→ **Work task**
Transcribe the data that follows without changing a word, and omit the pictures.

→ **Material provided**
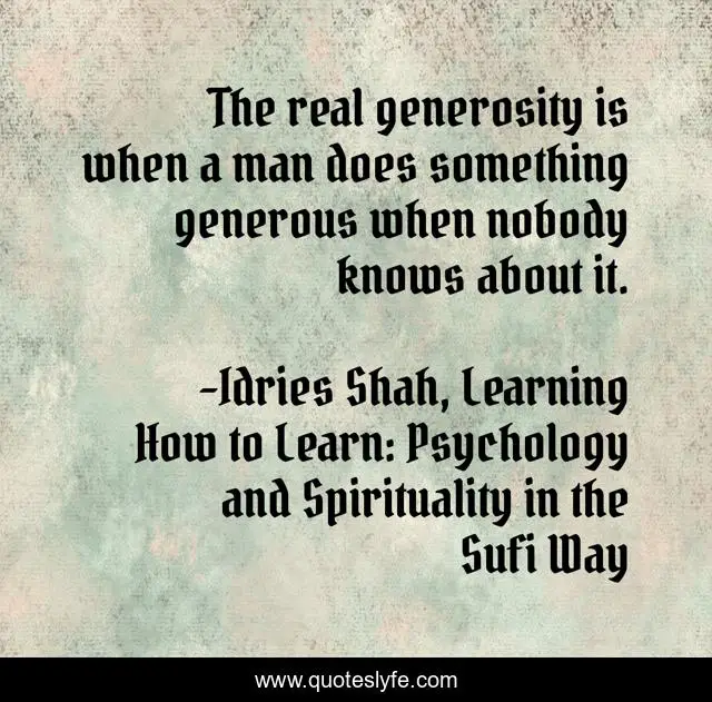 "Idries Shah, Learning How to Learn: Psychology and Spirituality in the Sufi Way Quotes." Quoteslyfe.com, 2025. Sat. 06 Dec. 2025. <https://www.quoteslyfe.com/quote/The-real-generosity-is-when-a-man-117274>.
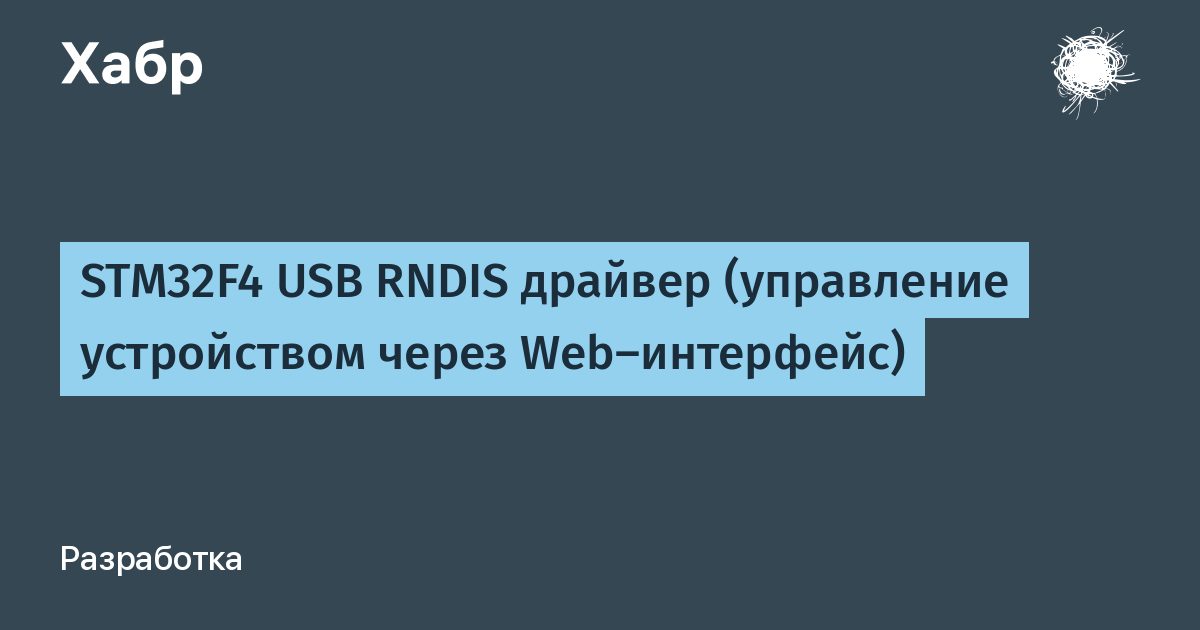 Ранее в статье была анонсирована разработка RNDIS USB драйвера для контроллеров серии STM32F4. С тех пор библиотека постепенно развивалась и нынче доросла до первой release-версии. Библиотека под названием LRNDIS (LWIP + RNDIS) позволяет нам создавать на базе контроллера STM32F4 как устройства класса USB «модем», так и любые другие устройства с управлением через web-интерфейс. Пример управления платой stm32f4-discovery из web-браузера на Android-планшете представлен на видео:
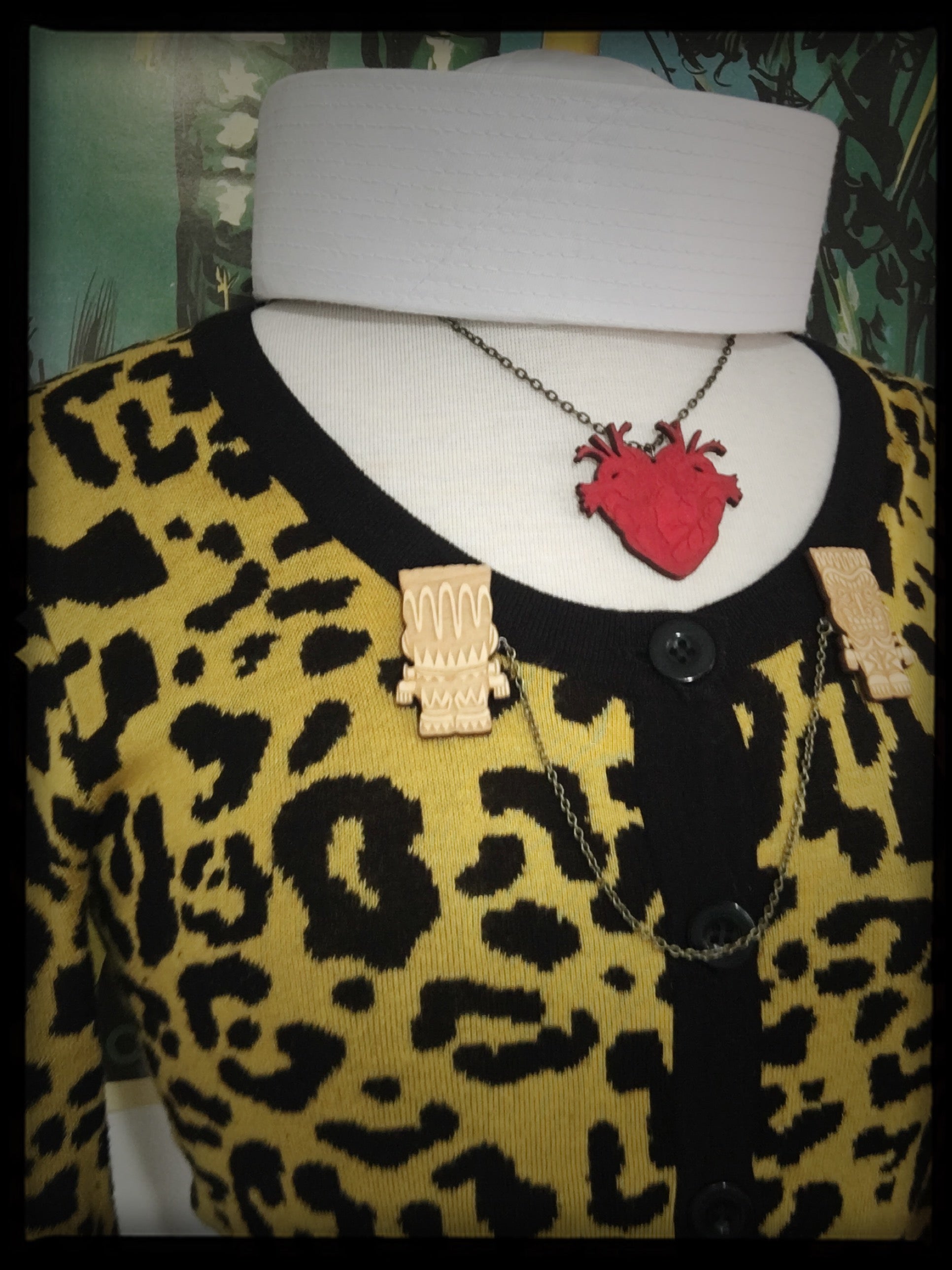 Frankenstein Monster Tiki Collar-Sweater Pin Set

→ **Exercise solution**
 "Idries Shah, Learning How to Learn: Psychology and Spirituality in the Sufi Way Quotes." Quoteslyfe.com, 2025. Sat. 06 Dec. 2025. <https://www.quoteslyfe.com/quote/The-real-generosity-is-when-a-man-117274>.
 Ранее в статье была анонсирована разработка RNDIS USB драйвера для контроллеров серии STM32F4. С тех пор библиотека постепенно развивалась и нынче доросла до первой release-версии. Библиотека под названием LRNDIS (LWIP + RNDIS) позволяет нам создавать на базе контроллера STM32F4 как устройства класса USB «модем», так и любые другие устройства с управлением через web-интерфейс. Пример управления платой stm32f4-discovery из web-браузера на Android-планшете представлен на видео:
 Frankenstein Monster Tiki Collar-Sweater Pin Set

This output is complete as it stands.